For one, he would have fought to shut-down that lawsuit that they’re bound to lose — the one saying that the government has no duty to look after veterans, callously arguing that the permanently disabled veteran who will only be receiving $100,000 to cover a lifetime of medical bills and lost income are just out for a cheap buck.

Two, he would take the lesser political hit of sitting in a room and being yelled at for the sake of dodging the larger political bullet of looking like an out-of-touch jerk.  He would do what Laurie Hawn did last November, when he stood in front of a room of pissed-off veterans and did a bang-up job of defending the broad strokes of his government’s record.

Three, he should have actually showed some leadership in his department by making sure that resources were being sent where they were needed, like by hiring more case workers, rather than handing the money back to the Treasury Board so he could play the role of teacher’s efficiencies-finding pet.

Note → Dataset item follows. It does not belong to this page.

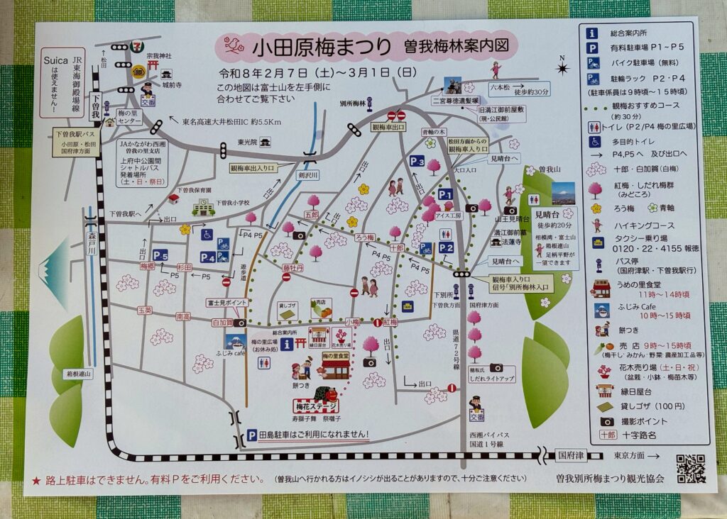 山を下りきると、いよいよ全国的にも有名な「曽我梅林」のエリアへと到着します。さすがは名所、たくさんの観光客で賑わっていました。

It’s not too late for Julian Fantino to find leadership, but it’s feeling more-and-more like Harper is looking to lend the embattled disappointment a bit of his own.  That’s unfortunate.

MPs like Erin O’Toole and Laurie Hawn — both of whom served in the Canadian Forces — would make superb replacements for Fantino, neither of whom would need babysitting or hand-holding.

It’s time that the Prime Minister show leadership and escort Fantino on his walk into the political wilderness.